# Paint flat garage ceiling



## rixarena (14 Mar 2021)

Hi, 
I have a fairly standard garage which I use for a workshop and was looking to do something with the ceiling, I was thinking of putting up celotex (spaced from the boards by 50mm) although I wasn't really that worried about heat and working in the cold. 

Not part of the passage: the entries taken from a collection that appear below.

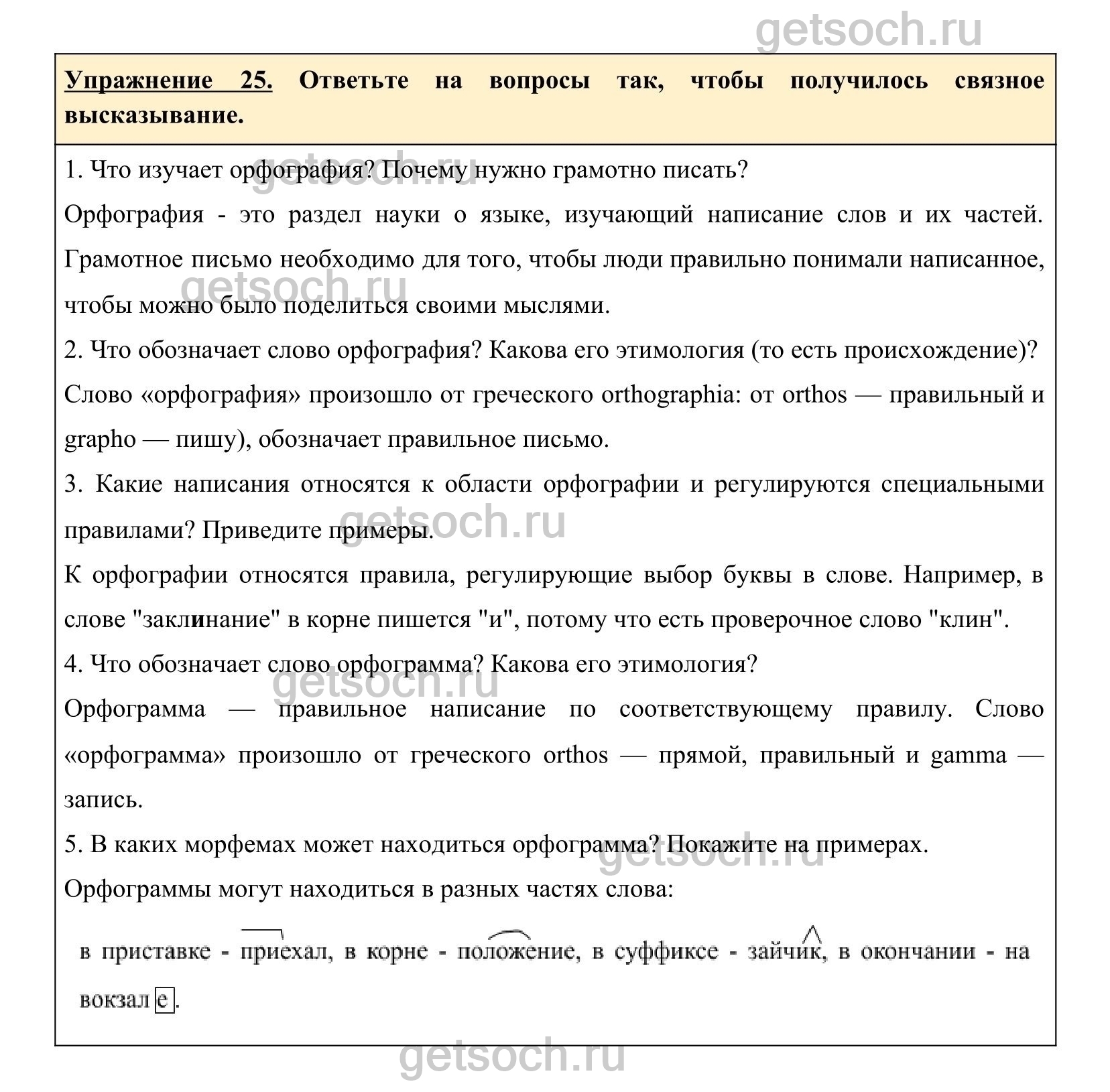 Рассмотрим ответы на Упражнение 25 из учебника по русскому языку для 6 класса Разумовской
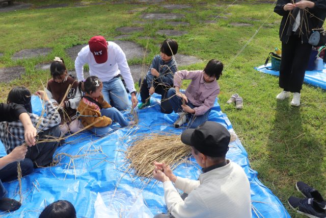 いつもの黒豆のおにぎりと豚汁をみんなで作りました。今年は藁でヒモを作って吊るし柿の体験をしました。楽しく 勉強しました
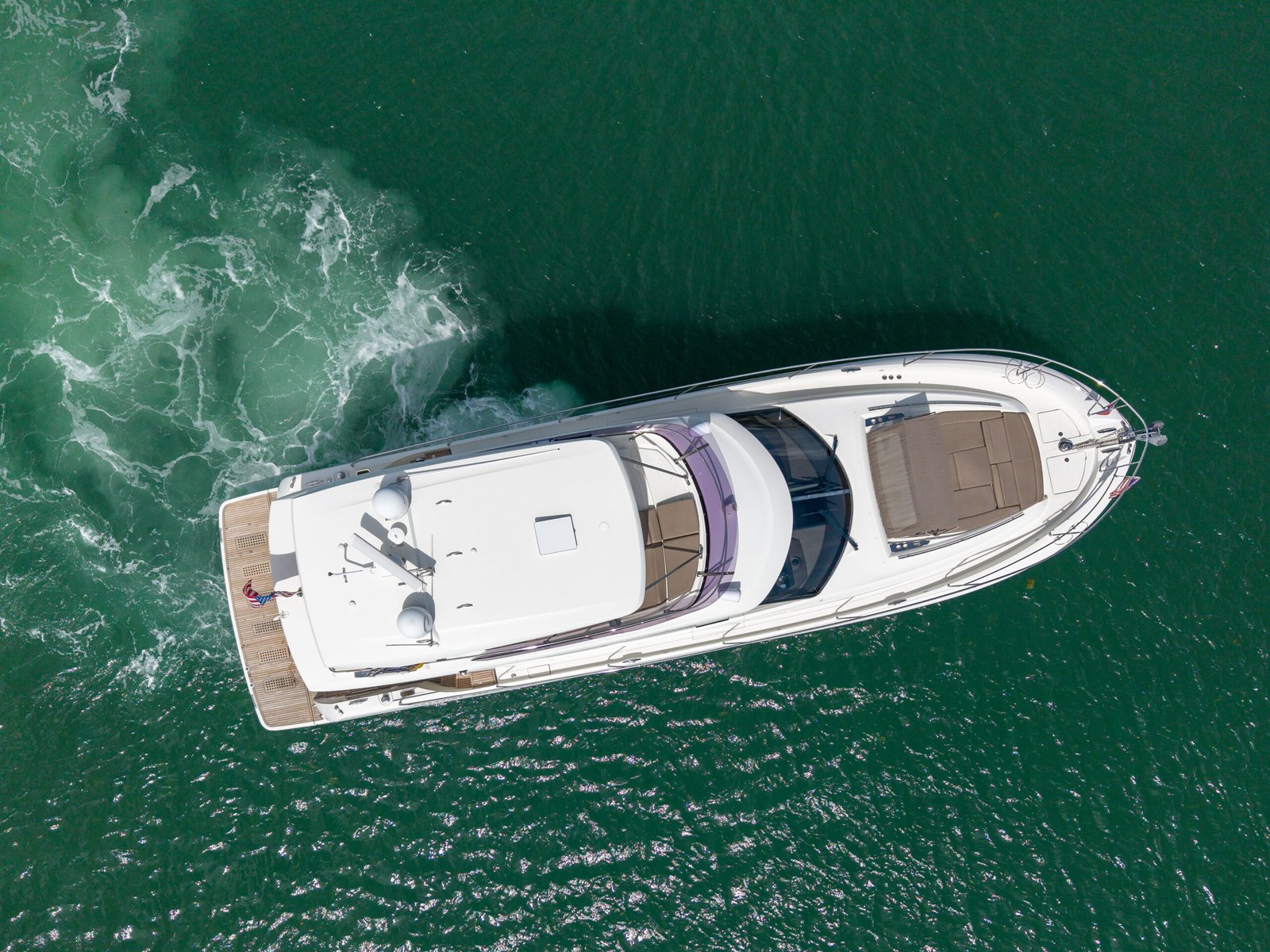 Popular itineraries include Star Island, Miami Beach, Key Biscayne, and Monument Island. At anchor, the flybridge becomes the social centerpiece, while the aft cockpit and foredeck provide alternative spaces for dining, conversation, and quiet enjoyment of the water.
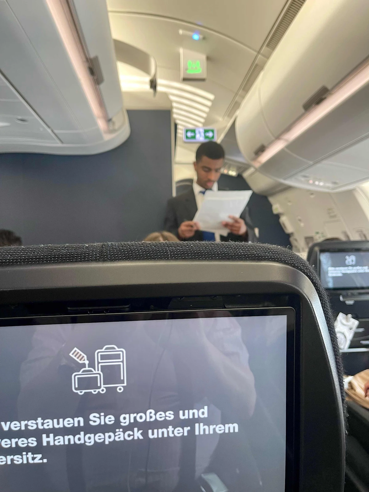 When we were finally in our premium economy seats (not bad), an announcement was made that employees would have to check boarding passes again, causing numerous pssengers to leap up to the overhead compartments to retrieve them. While we had duplicates on our phones, we were never asked, and for the next 30 minutes or so employees would call out the odd name and then huddle amongst themselves.
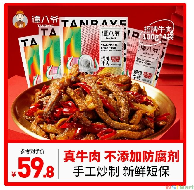谭八爷麻辣冷吃牛肉100g*4袋四川特产牛肉干卤味熟食零食小吃
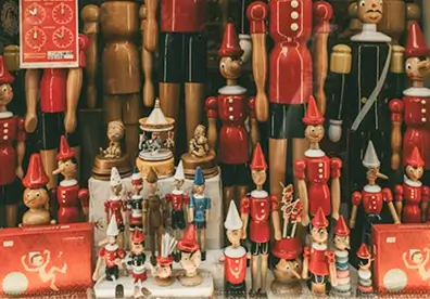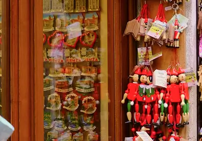 Italy’s wooden boy with a growing nose appears as marionettes and toys, the perfect souvenir that doubles as a storytelling prop back home.
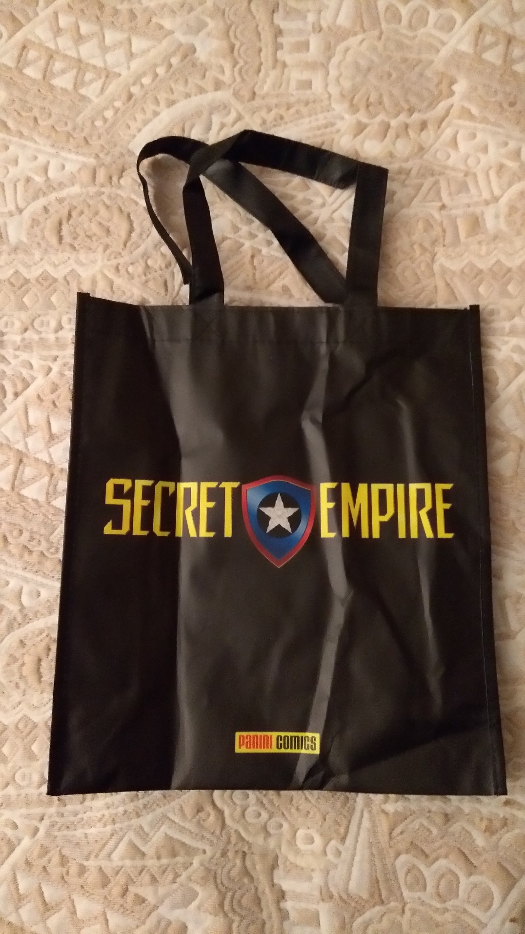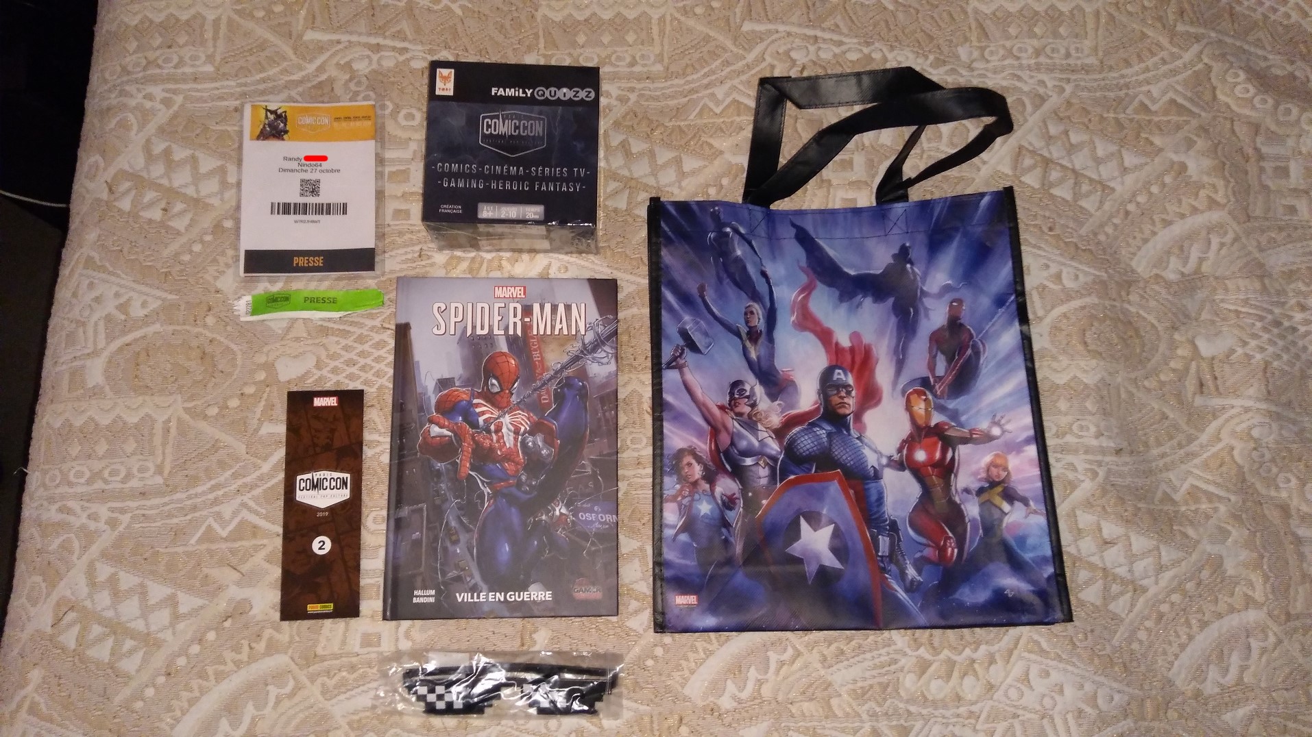 En plus de mon badge accréditation Presse, le pactole de cette année fut relativement léger avec le comics Spider-Man : Ville en guerre par Dennis Hallum dont j’ai parlé plus haut. Et offert avec un petit sac « Secret Empire » et un marque-page recto-verso. Un jeu quizz de la Comic Con. Et des lunettes « thug-life ». Mon seul regret étant de ne pas avoir pu chopper les gros sacs des 80 ans de Marvel offerts aux premiers visiteurs arrivés sur place..
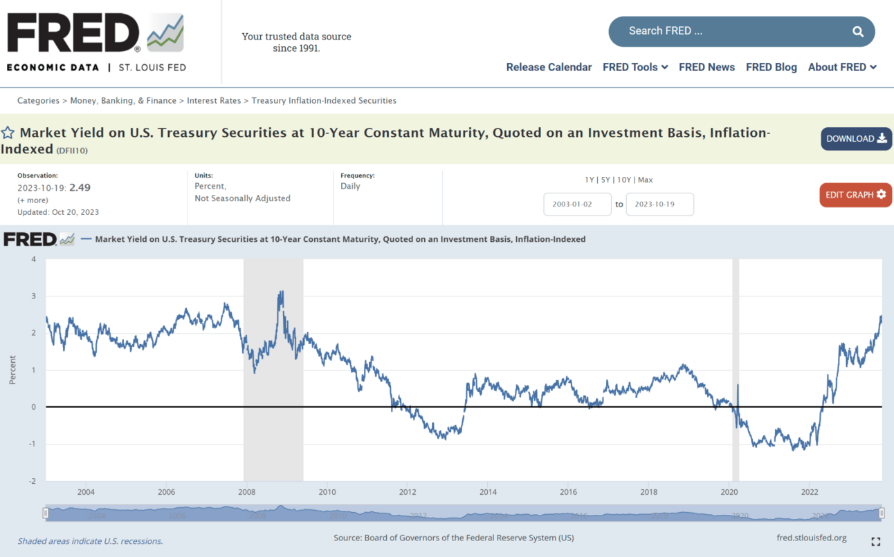 The chart below displays the Market Yield on U.S. Treasury Securities at 10-Year Constant Maturity, Quoted on an Inflation-Indexed Investment Basis (TIPS). The timeline stretches from 2003 to 2023.
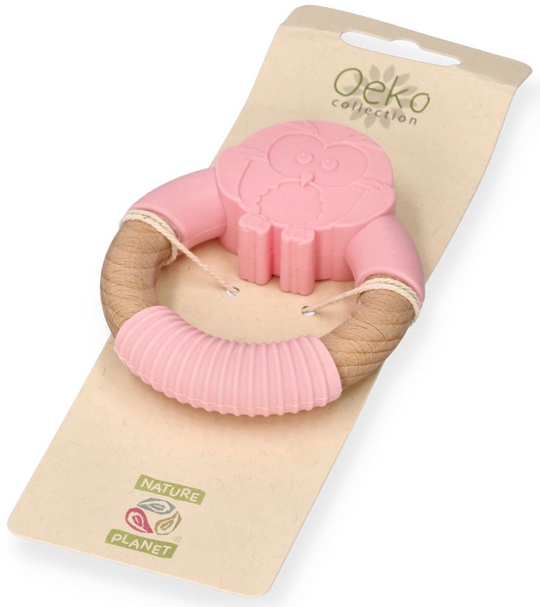 Svrbiace ďasná už nemusia byť problémom. Tu je nielen praktický produkt, ale aj krásna ozdoba a hračka do ruky s motívom ružovej sovičky. Vďaka použitiu bezpečného silikónu môže dieťa hrýzť tento produkt bez obáv o škodlivé látky, ktoré by sa mohli dostať do jeho organizmu. Drevený krúžok, na ktorý je nasadená mäkká silikónová plocha, je ideálny na žuvanie. Výstupky na hryzátku a pruhovaná nástavba určite upokoja boľavé ďasná, z ktorých rastú malé zúbky.

I have painted the walls white with some emulsion and it has brightened the place up and so wanted to know if I can do the same to the ceiling or if there's a reason I shouldn't. 

Thanks Sam


----------



## Cabinetman (14 Mar 2021)

How about not painting it, and using the reflective foil surface on the Celotex to brighten up the workshop, it may be possible to remove all the printing with cellulose thinners or similar- well I would as that would annoy me ha ha.
And tape over the joins with matching foil tape. Ian


----------



## rixarena (14 Mar 2021)

Hi, thanks for the reply I wasn't sure if i would add the celotex or not. I had thought just spraying it white is cheaper, as its a fairly drafty single skin garage with up and over door I wasn't sure if it was worth celotexing the garage door and ceiling would make that much difference (when im not in it) I had thought of 40mm celotex for the garage door and 50mm for the ceiling and would be fine with the foil finish but didn't want to loose any height or width. I will probably celotex the garage door anyway. I wasn't sure if there was any issues with just painting the ceiling, the current version of just leaving it is another option, I didn't think it would affect the value of the garage if we sold the house. 

so the options are:
Celotex ceiling, Pros: 'warmer', Cons: costs more money + more time.
Paint ceiling, Pros: brighter, Cons: no thermal efficiency, (didn't know if it would effect the wood?)

thanks Sam


----------



## eribaMotters (14 Mar 2021)

rixarena said:


> Hi, thanks for the reply I wasn't sure if i would add the celotex or not. I had thought just spraying it white is cheaper, as its a fairly drafty single skin garage with up and over door I wasn't sure if it was worth celotexing the garage door and ceiling would make that much difference (when im not in it) I had thought of 40mm celotex for the garage door and 50mm for the ceiling and would be fine with the foil finish but didn't want to loose any height or width. I will probably celotex the garage door anyway. I wasn't sure if there was any issues with just painting the ceiling, the current version of just leaving it is another option, I didn't think it would affect the value of the garage if we sold the house.
> 
> so the options are:
> Celotex ceiling, Pros: 'warmer', Cons: costs more money + more time.
> ...


If you are going to insulate then the ceiling should be the first thing. Heat goes up so that is where you loose most of it.

Colin


----------



## Fitzroy (14 Mar 2021)

Do it properly or don’t bother. Easy to spend lots on insulating it partly and making no real difference. If the temperature doesn’t bother you just board it and paint it.


----------



## rixarena (14 Mar 2021)

Yes i was thinking the same but didn't want to board it as would loose the space between the joists, I dont mind spraying it but even that might not be worth it. 

thanks Sam


----------



## Robbo60 (15 Mar 2021)

Ask the wife - she knows best.
Just deleted google from my computer - don't need it. - wife knows everything!


----------



## MARK.B. (16 Mar 2021)

When you insulate your garage it is not to keep you warm when you are in there  , it is to keep those tools that you work hard to afford Rust Free  and that expensive timber dry


----------



## rixarena (18 Mar 2021)

ahhh thats cool yeah i was wondering how to stop the table saw rusting


----------